On the food front: Kraft made a limited edition pink mac and cheese for Valentine’s Day. You could enter to win some, but I wasn’t really tempted. Also, hot chocolate bombs really are the bomb. We know because we tried them. Messy, not nearly as easy as the tutorials look, but delicious. Probably that would be a great thing for you to try this weekend, and you can pick one of the thousands of tutorials to coach you.

I just read God Knows My Size to my girls for our read-aloud. They are old enough to process hard things, and it brought us face to face again with a God who knows us all personally. When we read the chapter where Sylvia’s family received a box of clothes in exactly the right size for her, I kept choking up as I read. Rita finally marched across the room and set the tissue box beside me.

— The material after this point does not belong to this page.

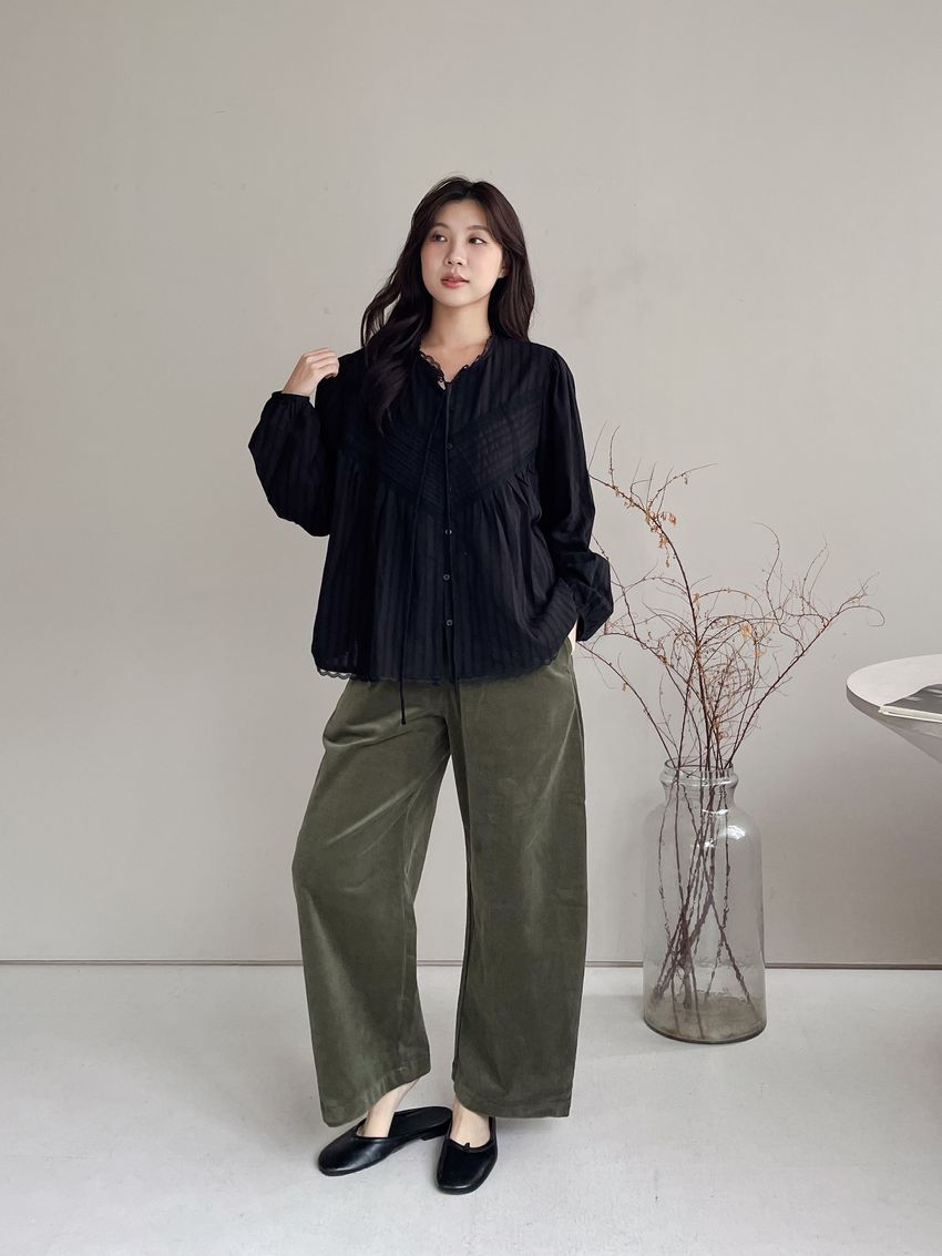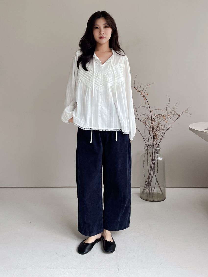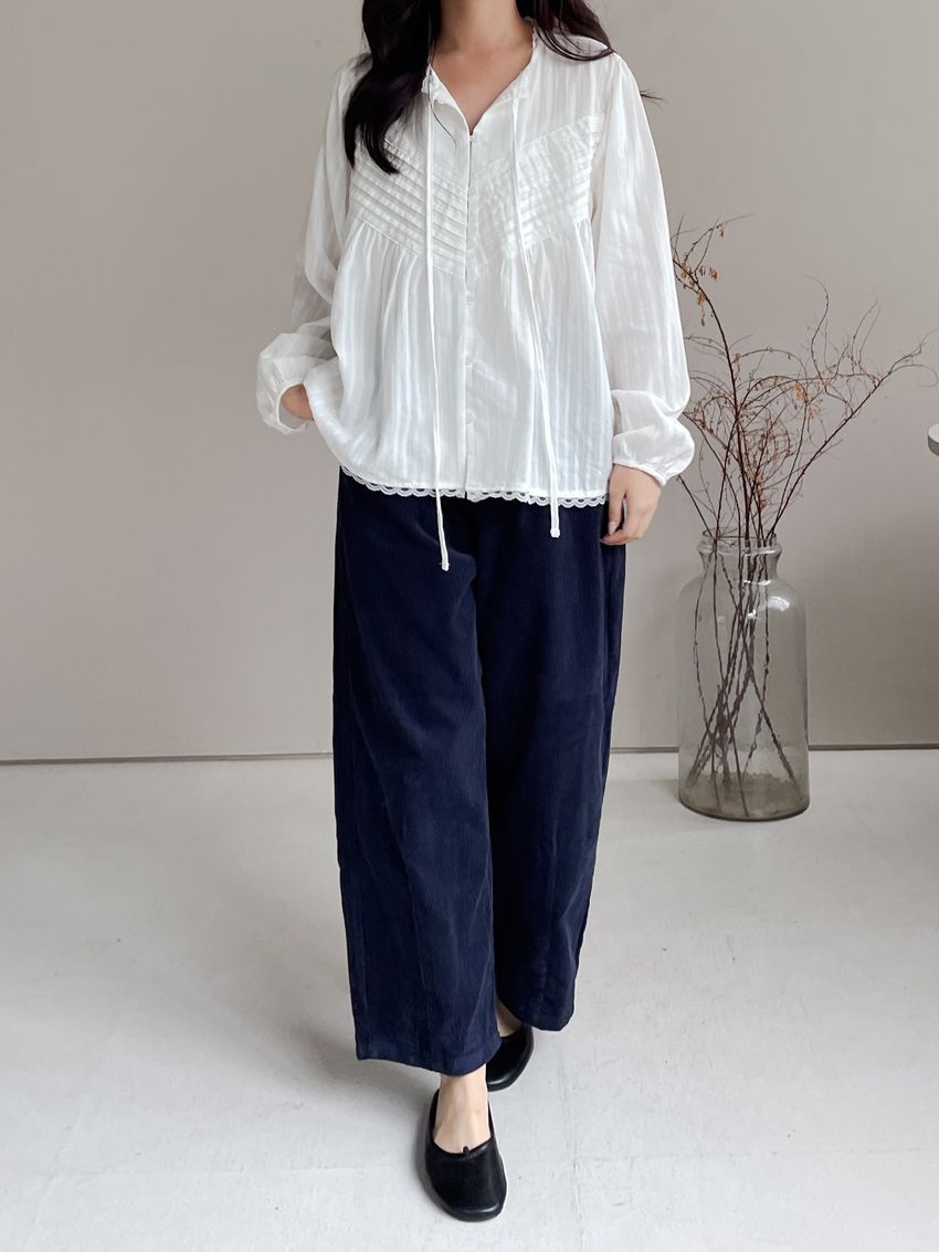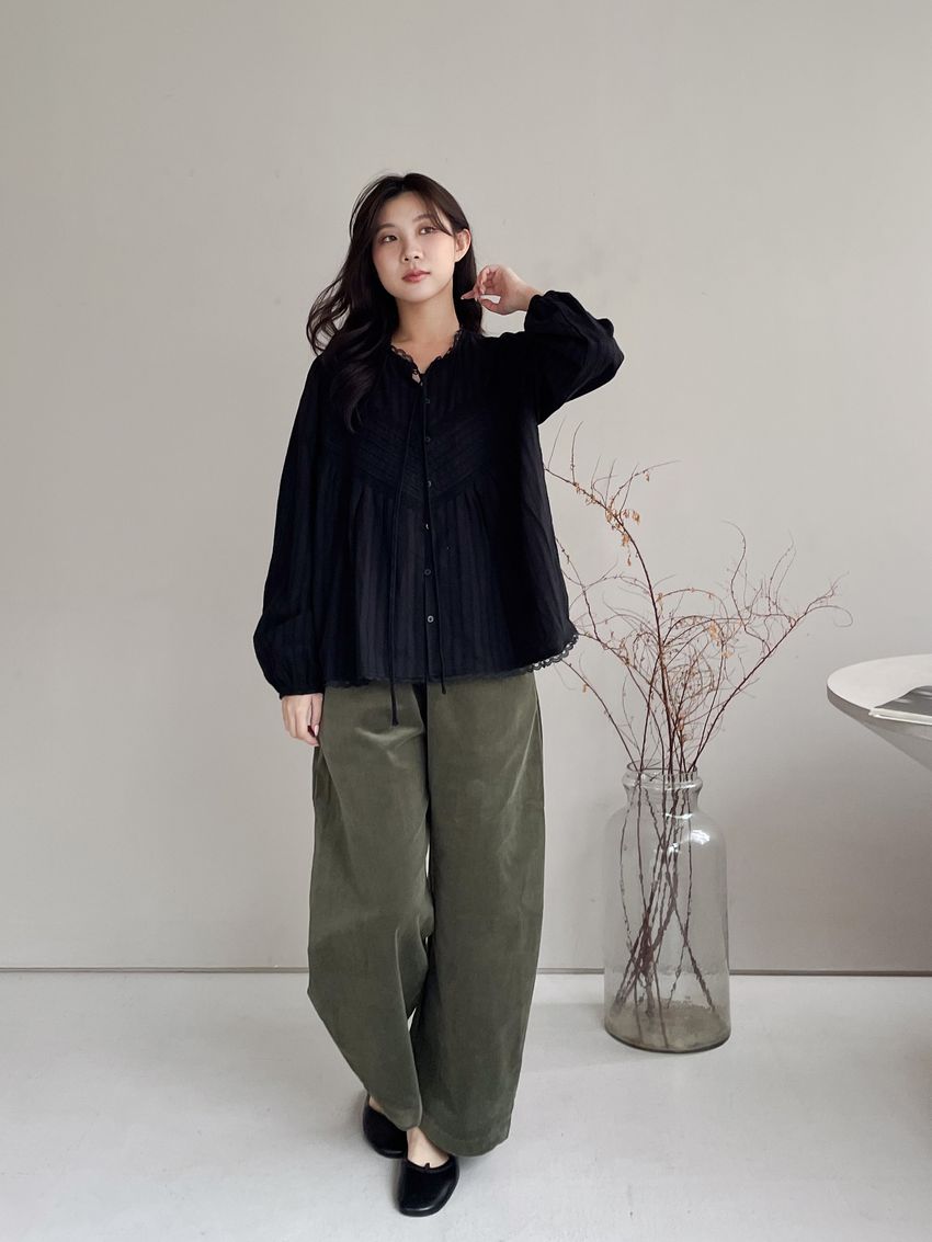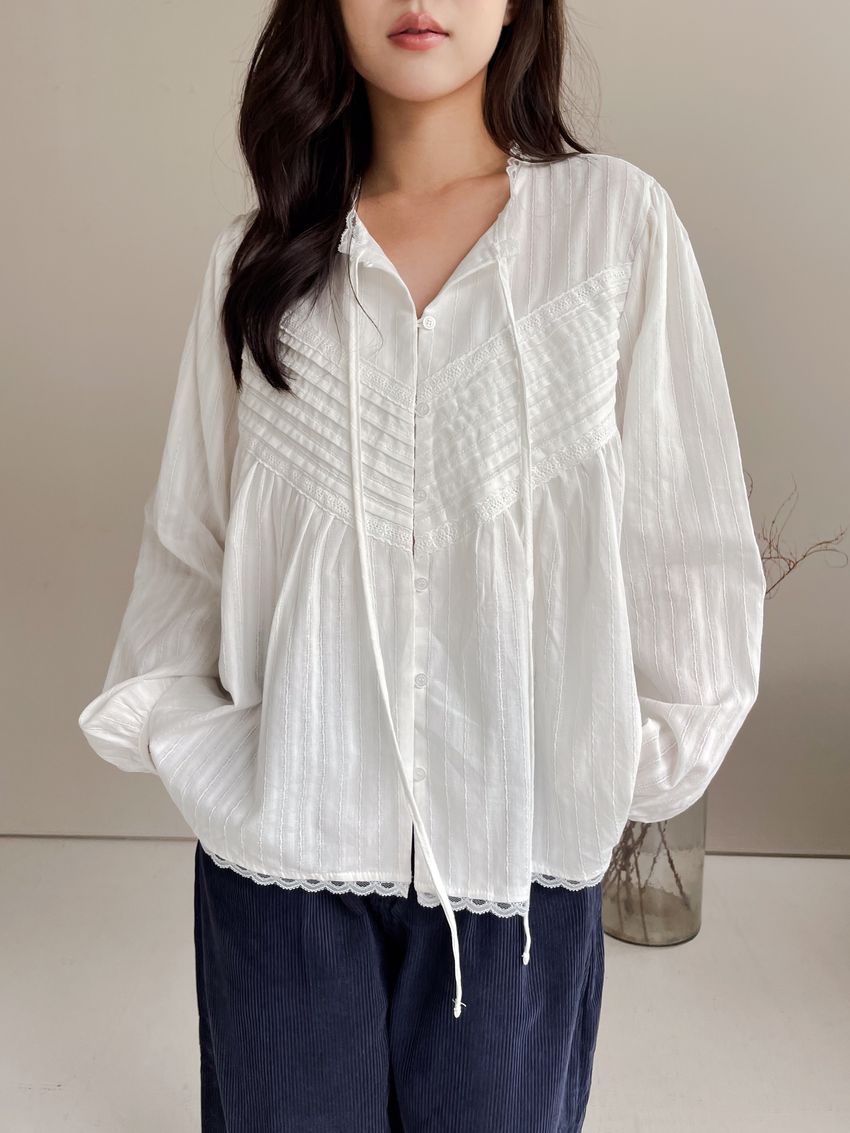 > Connie推薦款!風琴細壓摺蕾絲娃娃衫

I bought a fat notebook full of writing prompts to boot me in the rear this year. It is a sort of memoir, and it makes me squirm a little with the preoccupation that is All About Me. Still, it is a good way to bring up reams of stories from my not-so-long life. It’s funny how random things come to the surface and suddenly connect to other random things, as if Someone was in charge.

In fact, that is where I am staking it all. Pandemic, fallen humanity, robots and all that mess cannot separate us from the LOVE that is holding all things together.

3 thoughts on “What I Didn’t Do Today

  1. Loved this one!And I could get caught up with the latest in the news tidbits that are depressing through no fault of yours since we also need to stay somewhat updated!
    Lets hope we can soon fly to Jesus!